BMMC sample processing
Frozen human bone marrow mononuclear cells (BMMCs, AllCells; commercial donor cell experiment conducted under approval from Harvard Institutional Review Board) were thawed in a 37 °C water bath for 1 min and transferred to a 15-ml centrifuge tube. Next, 10 ml of prewarmed DMEM with 10% FBS was added dropwise to cells, which were then spun at 400g for 3 min at room temperature. Following removal of supernatant, cells were washed twice in 0.5 ml of PBS with 0.04% bovine serum albumin (BSA). To deplete neutrophils, cells were resuspended in 100 μl of chilled DPBS with 0.2% BSA and 10 μl of human TrueStain FcX (BioLegend, catalogue no. 422302) and incubated on ice for 10 min to reduce non-specific labelling. Cells were then incubated on ice for a further 30 min following the addition of 0.5 μl of biotin antihuman CD15 antibody (BioLegend, catalogue no. 301913). Following immunostaining, 25 μl of MyOne T1 beads was added to the sample for 5 min at room temperature, to capture neutrophils. We then added 900 μl of DPBS with 0.2% BSA to dilute the sample. The sample was placed on a magnet for 3 min, and 1 ml was transferred to a new tube while the sample was on the magnet. Cells were then ready for fixation and the SHARE–seq experiment.
Fixation
Cells were centrifuged at 300g for 5 min and resuspended at 1 million cells ml−1 in PBSI. Cells were fixed by the addition of formaldehyde (catalogue no. 28906, ThermoFisher) to a final concentration of 1%, and incubated at room temperature for 5 min. Fixation was stopped by the addition of 56.1 μl of 2.5 M glycine, 50 μl of 1 M Tris-HCl pH 8.0 and 13.3 μl of 7.5% BSA on ice. The sample was incubated at room temperature for 5 min and then centrifuged at 500g for 5 min to remove supernatant. All centrifugation was performed on a swing-bucket centrifuge. The cell pellet was washed twice with 1 ml of PBSI and centrifuged at 500g for 5 min between washings. Cells were resuspended in PBS with 0.1 U μl−1 Enzymatics RNase Inhibitor and aliquoted for transposition.
SHARE–seq
Following fixation, SHARE–seq was performed as previously described27, with the following modifications. To improve transposition, this was performed using preassembled Tn5 (seqWell, Tagify(TM) SHARE-seq Reagent). To improve RNA capture, we added poly-A to transcripts before reverse transcription. To do this, transposed cells (60 μl) were mixed with 240 μl of poly(A) mix (final concentration of 1× Maxima RT buffer, 0.25 U μl−1 Enzymatics RNase Inhibitor, 0.25 U μl−1 SUPERase RI, 0.018 U μl−1 Escherichia coli poly-A enzyme (New England Biolabs catalogue no. M0276L) and 1 mM ribonucleic ATP). The sample was aliquoted to 50 μl per PCR tube and incubated at 37 °C for 15 min.

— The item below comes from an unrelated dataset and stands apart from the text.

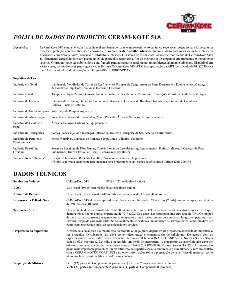 FOLHA DE DADOS DO PRODUTO: CERAM-KOTE 54® Descrição: CeRam-Kote 54® é uma película fina aplicável em forma de spray e um revestimento cerâmico seco ao ar projetado para fornecer uma excelente proteção contra a abrasão e corrosão em ambientes de trabalho adversos. Recomendado para todos os metais, plásticos reforçados com fibra de vidro, concreto e substrato de plástico. O sistema de resina epóxi altamente modificado de CeRam-Kote 54® foi fortemente carregado com um pacote único de partículas cerâmicas a fim de melhorar o desempenho em ambientes extremamente severos. O produto pode ser submetido a cura forçada para aumentar o rendimento em ambientes altamente adversos. Disponível em várias cores, incluindo cores para segurança. A fórmula CeRam-Kote 54® ATM tem aprovação da ABS (certificado #99-HS27360-X) e um Certificado ABS de Avaliação de Design (#03-HS391002-PDA). Sugestões de Uso: Indústria em Geral Lâminas do Ventilador de Torres de Resfriamento, Rampas de Carga, Áreas de Forte Desgaste em Equipamentos, Carcaças de Bombas e Impulsores, Válvulas Internas e Externas Indústria Naval Tanques de Água Potável, Cascos, Áreas de Porão, Lemes, Salas de Máquinas e Tubulações de Admissão de Jatos de Água Indústria de Energia Lâminas de Turbinas, Diques e Comportas de Barragens, Carcaças de Bombas e Impulsores, Lâminas de Geradores Eólicos, Racks de Entulho Indústria do Entretenimento Substratos de Parques Aquáticos Indústria de Alimentação Superfícies Internas de Tremonhas, Maior Parte das Áreas de Serviços de Equipamentos Indústria de Celulose e Papel Áreas de Serviços Críticos de Equipamentos Indústria de Transportes Pontes (zonas sujeitas a respingo), Interior de Trailers (Transporte de Sal, Asfalto e Fertilizantes) Indústria de Petróleo e Petroquímica Mesas Rotativas, Carcaças de Bombas e Impulsores, Válvulas, Coletores Indústria Petrolífera Offshore Zonas de Respingo de Plataformas, Convés (zonas de forte desgaste), Equipamentos, Patins, Heliportos, Cabeças de Poço Submarinas, Dutos Flexíveis (Risers), Tubos-Guias dos Risers Tratamento de Efluentes* Estações Elevatórias, Racks de Entulho, Carcaças de Bombas e Impulsores (*Nota: A fórmula atualmente recomendada pela Freecom para aplicações de efluentes é CeRam-Kote 2000®). DADOS TÉCNICOS Sólidos por Volume: CeRam-Kote 54® 80% +/- 2% (calculated value) VOC: 1,63 lb/gal (196 g/litro) menos água (calculated value) Número de Demãos: Uma Demão, duas passadas (4½-6 mils para cada passada, 112½-150 mícrons) Espessura da Película Seca: CeRam-Kote 54® deve ser aplicado sem faísca a um mínimo de 175 mícrons (7 mils) com uma espessura máxima de 250 mícrons (10 mils). Tempo de Cura: Uma película de duas passadas de 175-250 mícrons (7-10 mils DFT) seca ao ar para um acabamento seco ao toque, demora três (3) horas a uma temperatura de 72°F (22.2°C) e doze (12) horas para uma cura seca de 70%. Os tempos de cura variam consoante a temperatura: temperatura mais baixa, tempo de cura mais longo; temperatura mais elevada, tempo de cura mais curto. Se o revestimento se destina a um ambiente de serviço crítico, o mesmo deve ser completamente curado antes de ser colocado em serviço. Preparação da Superfície: A resistência da adesão e o rendimento do produto a longo prazo dependem da preparação adequada da superfície a ser protegida. O substrato não deve conter óleo, graxa e contaminação de sal/cloreto. De acordo com as especificações estabelecidas para acabamento de um metal branco (NACE 1, SSPC-SP5, Normas Suecas SA-3) com 50-62.5 mícrons (2-2.5 mil), é necessário um perfil de ancoragem. A preparação da superfície não deve ser inferior a um acabamento de metal quase branco (NACE 2, SSPC-SP10, Normas Suecas SA 2½). A limpeza é o passo mais importante para obter um revestimento de superfície de alto rendimento e durabilidade. Entre em contato com a CERAM-KOTE® COATINGS para obter informações sobre a preparação de superfícies de materiais como alumínio, latão, plástico, fibra de vidro e/ou concreto. Proporção de Mistura: Doze (12) partes do Componente A para uma (1) parte do Componente B (em volume) Vinte (20) partes do Componente A para uma (1) parte do Componente B (em peso) Mistura: CeRam-Kote 54® contém uma elevada carga de partículas cerâmicas que devem ser colocadas em total suspensão com a resina epóxi antes da aplicação. CeRam-Kote 54® está embalado em duas latas: Componente A (resina e partículas cerâmicas) e Componente B (agente de cura). Agite o Componente A (revestimento) com um agitador de ar ciclônico ou misture o Componente A com um misturador planetário até todos os pós cerâmicos estarem suspensos na resina. O tempo necessário para colocar as partículas cerâmicas em suspensão depende da temperatura e do tempo de armazenagem do material. Geralmente, a uma temperatura de 72°F (22.2°C) basta agitar entre quatro (4) e seis (6) minutos para as partículas cerâmicas ficarem em suspensão. Independentemente do tempo necessário, agite o material cerâmico em suspensão antes de prosseguir. A mistura incorreta impedirá o rendimento ou a cura adequada do CeRam-Kote 54®. Verifique a lata para certificar-se que todas as partículas sólidas estejam em suspensão antes de prosseguir para a fase de mistura. Misture o Componente A (revestimento) e o Componente B (agente de cura) e agite até ambos os componentes estarem bem misturados (ao misturar somente latas de um quarto de litro ou meio litro, verta o Componente A no Componente B. Use este procedimento somente para latas de um quarto de litro ou meio litro devido à pequena quantidade de agente de cura presente na lata do Componente B). O tempo de agitação depende da temperatura, mas uma agitação de dois (2) a quatro (4) minutos, a uma temperatura de 72°F (22.2°C) deve ser suficiente para misturar completamente os componentes. Não é n

Quantification and sequencing
Both scATAC–seq and scRNA-seq libraries were quantified with the KAPA Library Quantification Kit and pooled for sequencing. Single-cell libraries were sequenced on the Nova-seq platform (Illumina) using a 200 cycle kit (read 1, 50 cycles; index 1, 99 cycles; index 2, 8 cycles; read 2, 50 cycles). Bulk libraries were sequenced on the Nova-seq platform (Illumina) using a 100 cycle kit (read 1, 50 cycles; index 1, 8 cycles; index 2, 8 cycles; read 2, 50 cycles).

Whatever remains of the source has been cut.